В такое время отправился я с агрономом земотдела в Смелу, богатую когда то сахарной свеклой. По дороге мы часто встречали сахарные заводы с торчащими вытяжными трубами, давно бездействующими без свеклы. Другие, слабо дымились, указывая на угасающую в них жизнь. Все теперь заняты были здесь севом свеклы, и уже многие пострадали из-за нее напрасно.

Утро было влажное и мы зябли. Агроном бережно и не торопясь скручивал на холоде папиросу, внимательно заправлял ее в мундштук и, подбирая с кожуха крошки, вкусно затягивался дымом. Не поднимая глаз, он сказал ни к кому не обращаясь:

— Почему он везет нас по этой дороге? В такую распутицу и на грунтовой дороге легко потонуть, а здесь тем более…

Повозившись с папиросой, он заговорил снова:

— Не езда, а мучение. Так, пожалуй, и к вечеру не доедем до села. Сколько ни едем, а Все еще кроме хвоста кобылы ничего не видно…

Слабая лошадь, вся в болячках, с трудом вытаскивала нас всех из густой грязи, и часто подолгу останавливалась передохнуть.

— Она у тебя спит, — дразнил агроном возницу.

— Не кормленная, — отвечал тот, не поворачивая лица.

Лошадь тяжело дышала и слышно было, как что-то ворочалось у нее в груди. Поношенная сбруя с поблекшими украшениями сползла на брюхо, бока безобразно выдавались из худого тела, шея вытянулась и все ребра были видны.

— Что же нам делать! — продолжал агроном не унимаясь. — Ждать здесь засухи, или самим впрягаться в телегу? Где ты подобрал такую калеку?

— Она не кормленная, — повторил мужик, и для виду стал пугать лошадь кнутом. Лошадь напряглась, вытащила нас из лужи, и опять стала.

Тогда мужик рассерчал — он рванул вожжи и заиграл кнутом. Удары кнута ложились рубцами на больном теле и животное нервно вздрагивало.

— Ты ее не кнутом, а лаской… — посоветовал агроном, добрея при виде страданий животного.

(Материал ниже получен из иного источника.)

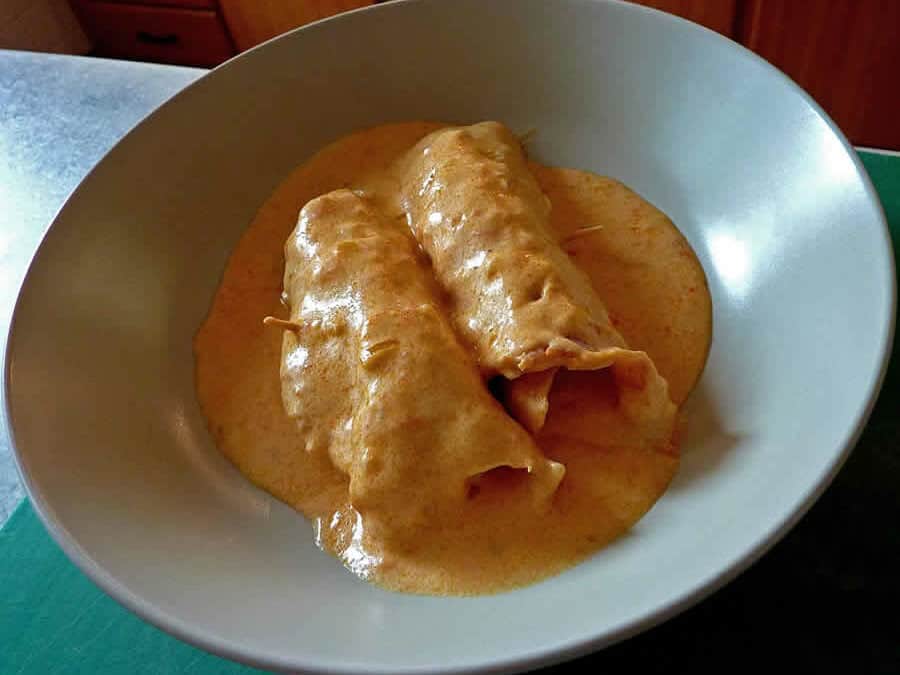 Pendant ce temps rouler les tranches de jambon et les mettre dans le varoma.

Но возницей уже овладел азарт, и страстно прикрикивая и присвистывая, он хлестал кобылу по тем местам, где было ей всего больнее. Она рвалась из оглобель, некрасиво взбрасывая задние ноги. Наконец, после больших усилий ей удалось сдвинуть телегу с места, и она неловко побежала, задыхаясь. Но очень скоро ноги ее снова подкосились, и разрывая на себе сбрую она тяжело упала в жидкую дорожную грязь. Агроном бросился тянуть ее за хвост с такой силой, точно намеревался вырвать его из живого тела, а в это время мужик бил кобылу кнутом по морде и под брюхо, и рвал удилами посиневшую губу. Лошадь стонала. Она смотрела на нас смущенно и виновато, как смотрит провинившийся работник на своего хозяина. В ее умных и покорных глазах не было ни упрека, ни жалобы, ни просьбы, а только смущение, какое испытывают всегда слабые перед сильными. Она хотела подняться и побежать, чтобы выполнить свою последнюю службу, и опять упала.

— Сдыхает, бедняга… — произнес агроном, и отпустил хвост.

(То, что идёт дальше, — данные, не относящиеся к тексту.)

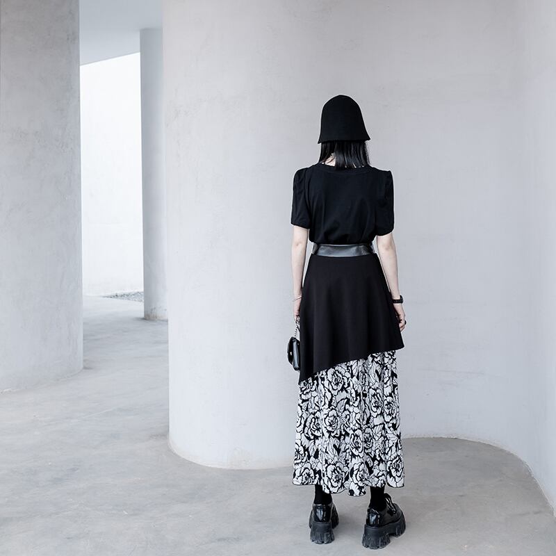 スタンダードスカート カラーベルト レディース夏服 レトロ 夏物 ハーネス SKY64002036914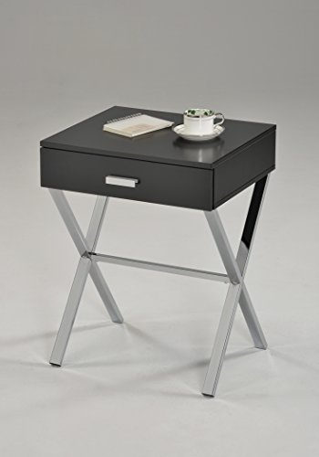 Studio : eHomeProducts Publisher : eHomeProducts Product Description Combining solid/composite wood construction with a modern style, this versatile end table/night stand makes a fresh and clean addition to the room. The tabletop features straight edges, while below the two metal X legs supports the table top. Comes in white finish that makes this table stand out. Features one drawer for storage. Measures 19"W X 16"D x 24"H. 0

Лошадь металась. Она силилась поднять морду с мокрой земли, но, в это время, бледные десны ее открылись и из ноздрей вырвалась белая пена окрашенная кровью.

Возница вдруг заволновался; он бросил кнут и стал освобождать лошадь от оглобель и упряжи. По его неловким движениям было видно, что он чего-то боится. Он суетился напрасно, потому что забота его уже не была нужна издыхающей кобыле. И чем больше начинал понимать он свое бессилие, тем больше росла его тревога, и ему стало страшно.

— Мне за нее отвечать! — закричал он странным, точно не своим голосом, и оторопел. Напуганный этой мыслью он Все еще боялся потерять надежду спасти лошадь, и снова взялся за кнут.

— Что ты делаешь! — закричал на него агроном. — Ведь она мертвая!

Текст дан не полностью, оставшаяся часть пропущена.